Nota do autor de "A BULA DOS SETE PECADOS"
Sinto-me envolvido na fluidez cachoeirante de Joema Carvalho ao passear por sobre as páginas do meu livro, como se numa trilha selvagem, descobrindo clareiras num deserto cheio de verde. Confesso que fiquei deveras embevecido com a caracterização interpretativa de cada poema, frase ou excerto. Tudo indica que Joema precisou despir-se do conceitual analógico para mergulhar na lagoa da minha estupidez - ou não - quando quem ama realmente pode ser estúpido? Esquizofrênico? Perpetuar, a partir dalí, algo único, intocável, imutável? Aí está o joio e o trigo. Joema Carvalho analisou a 'bula' como algo que não cura. Não pode curar, não fala dos remédios. Mas do amargor do remédio tentando curar a ferida do amor perdido. Sim! Apaixonei-me inúmeras vezes. Uma paixão amorosa e carinhosa. Doei-me inúmeras vezes. Mas, quando me deparei com algo diferente dessa paixão, isso, ao invés de abrir o coração, chagou-o, como se uma cruz pesada tivesse que carregar diante das ilusões de paixões descomunais. E dos maus que causei a quem se dispôs a me fazer companhia. Nessa análise da ‘bula’, Joema Carvalho restitui o meu pé de jatobá, antes que o transformasse na restinga original de minha sobrevivência cercado por um mundo ilógico, repetitivo, incentivador do não querer. Joema capinou a essência e me restituiu a alegria de tê-lo escrito, como uma catarse.
Obrigado,
Mhario Lincoln.
A Bula dos Sete Pecados de Mhario Lincoln
Joema Carvalho
Uma bula que “orienta o usuário sobre o uso seguro de um medicamento” através de poemas, prosas e excertos. Uma dinâmica sensação de sedução através de palavras quando elas se combinam com paixão e amor. Um “Shakespeare Apaixonado” e latente. Àquele que expressa o onde todos querem chegar em seu ápice supremo – “minha cabeça, dou-a ao cadafalso que a guilhotina corte a jugular de uma saudade desatina”....”imerso em chamas, dependente, indulgente”.......”poeta que pisou em flores para matar paixões”....”ultimamente sinto que teus braços têm gosto de fuga”....”trespassa-me a alma e seguirei a nota da luz”. “Avermelhou meu lume ...do choro de tua saudade”...”Enfoderando-se”...então...“De chá em chá”, o insucesso de quem busca uma “Bula” mágica para aquilo que não tem cura... Trânsito direto através da ponte do passado clássico, recente e atual, sob um mesmo tema....”hecatombe de todos os meus amores, meu sofrer. Nuances .... buscando a força da manopla. Homérica luta dos quixotes a procura de prazer”....”A la Bonaparte....por paixão, tornei-me enclausurado”.

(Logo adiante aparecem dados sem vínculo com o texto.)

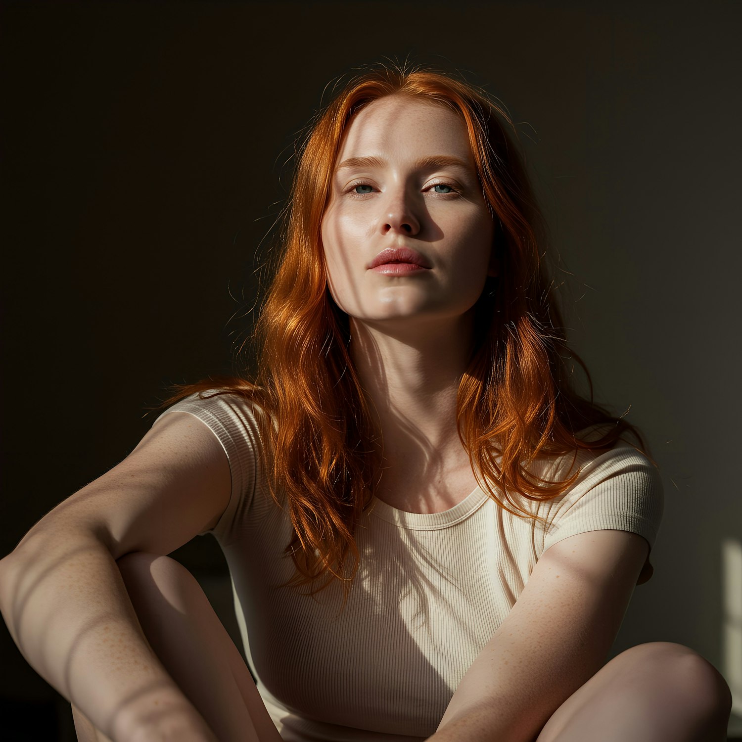 Portrait of a fair-skinned woman with ginger hair, wearing a light top, illuminated by soft sunlight against a dark backdrop.

Morte da noite: dengue ou dengo?
Eu & Ele, um micro que se envolve no macrocosmo, se camufla com fatores e elementos naturais e místicos. Lindo e forte!
Seguindo na ponte através do tempo, o que perdemos e o que ganhamos com o nosso processo evolutivo: “Bíblia Sagrada, La Fontaine, Stanislaw, Maiakovski, Dante, Quixote....mais fácil do que ler um livro é ir ao cinema com uma amiga”. Parece que estamos passando por outro grande passo da história - Atropelamos e perdermos conteúdos, em troca de relampejos resumidos virtuais. O local do “não visto”, onde tudo passa despercebido, fez-me acreditar na existência de Atlântida e de tantas outras civilizações, transmitidas como se fossem meras lendas.
Enfim...”o clarim de combate, destarte, deve soar na consciência de todo Homem que tem semeado a Terra, no equinócio do vai-e-vem”.
“Só mais um louco....Esqueço de ti. Eva ou Adão”...um nó na ordem lógica do que foi dito, “só mais um louco” em meio a tantos esquizofrênicos e/ou psicopatas sem tratamento, soltos na sociedade. Vida longa aos loucos que se assumem e se tratam com arte!!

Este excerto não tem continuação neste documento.